▶ What the task asks:
Starting at the first line of the listing below, repeat each line up to and including the one containing "De Glock komt". Leave out pictures.

Given information: Begin

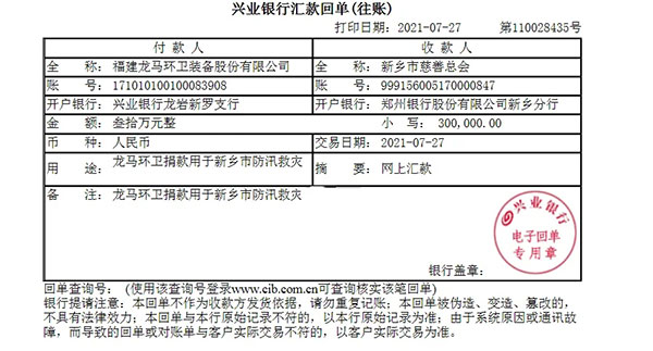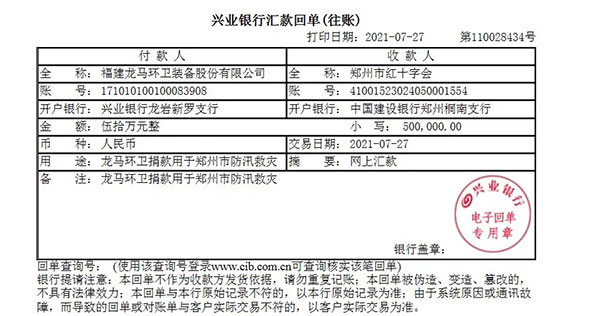災(zāi)難面前,龍馬環(huán)衛(wèi)將積極履行并主動承擔(dān)社會責(zé)任,盡綿薄之力同河南同胞一起抗擊災(zāi)難重建家園,盡快讓河南人民的生產(chǎn)生活回到正軌。
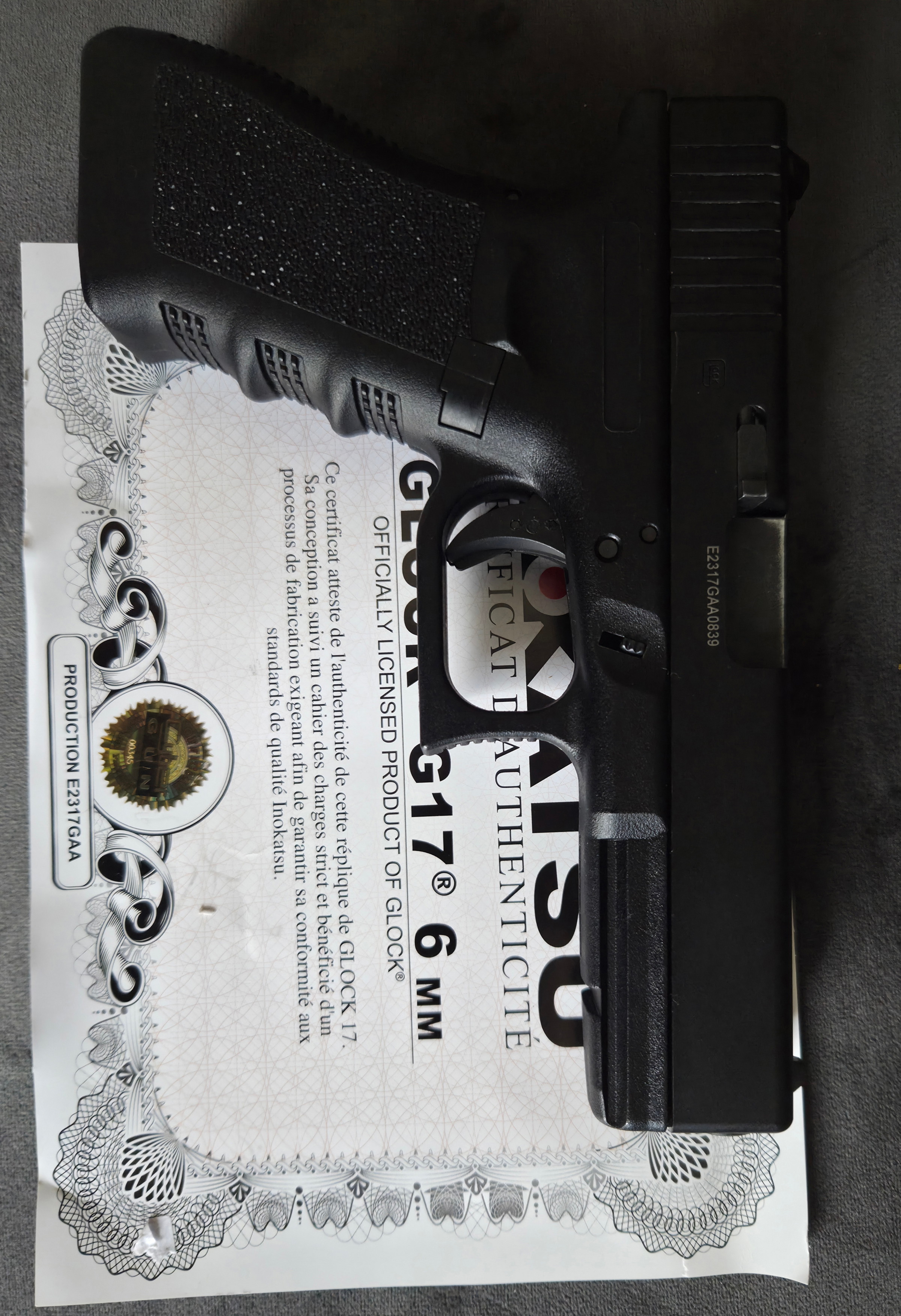 De Glock komt met officieel Inokatsu licentie ( overeenkomende codes ), 1 co2 magazijn, en de glock wapenkoffer. Dit is vanaf de fabriek standaard meegeleverd.
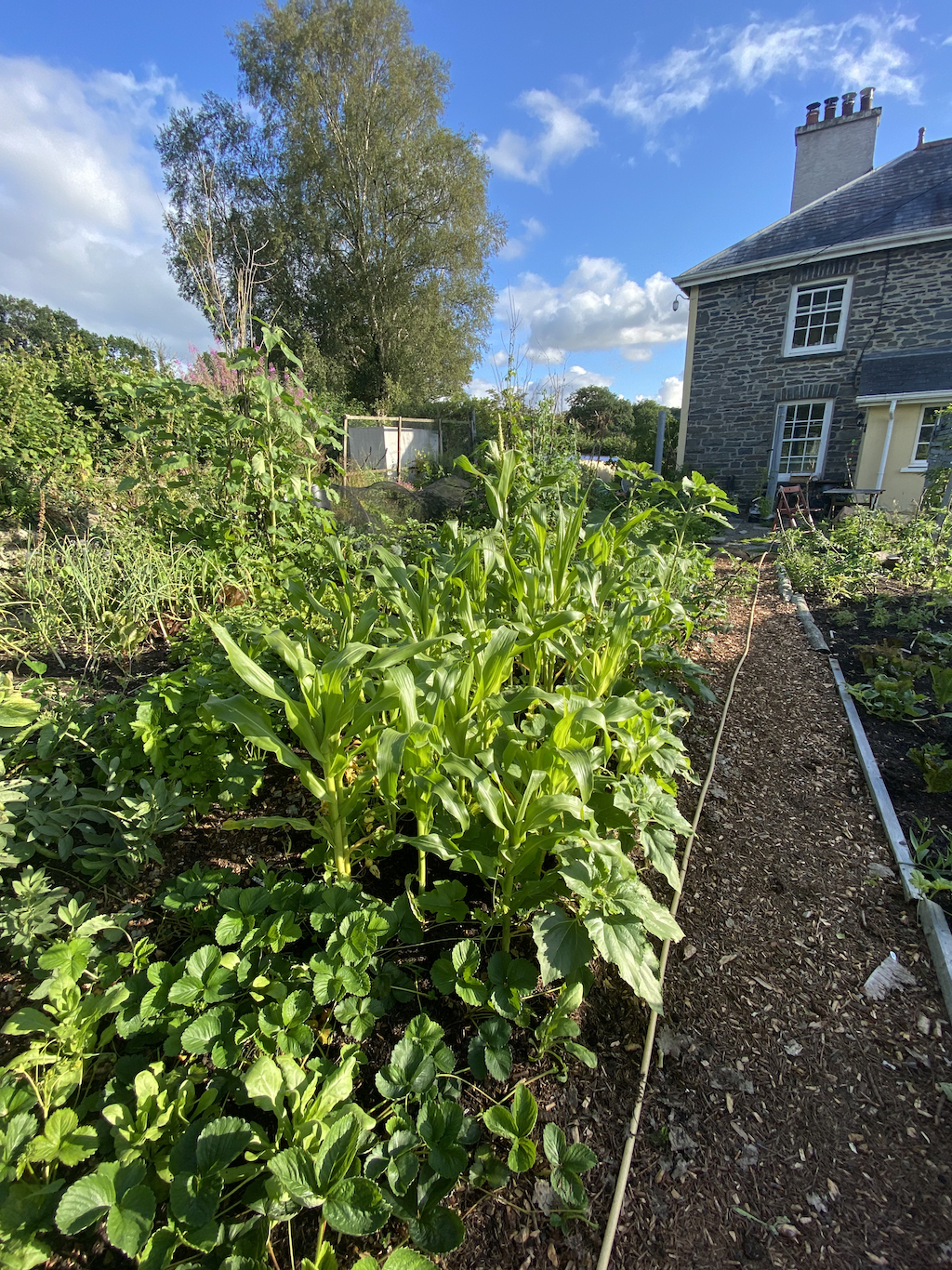 There is so much deliciousness in the garden and hedgerows to enjoy and store for the winter, even here at Ael Y Bryn where the veg garden is only four months old (almost to the day, I made the first bed on March 31st). As autumn approaches, now is also a “second spring”. During August and September, I’ll be sowing vegetables and herbs for cropping through the winter and into next spring. I’ll add a list of what I am sowing at the end of this blog, but first of all an update from Ael Y Bryn, my Welsh no dig homestead.

Given information: End

▶ Response box:
災(zāi)難面前,龍馬環(huán)衛(wèi)將積極履行并主動承擔(dān)社會責(zé)任,盡綿薄之力同河南同胞一起抗擊災(zāi)難重建家園,盡快讓河南人民的生產(chǎn)生活回到正軌。
 De Glock komt met officieel Inokatsu licentie ( overeenkomende codes ), 1 co2 magazijn, en de glock wapenkoffer. Dit is vanaf de fabriek standaard meegeleverd.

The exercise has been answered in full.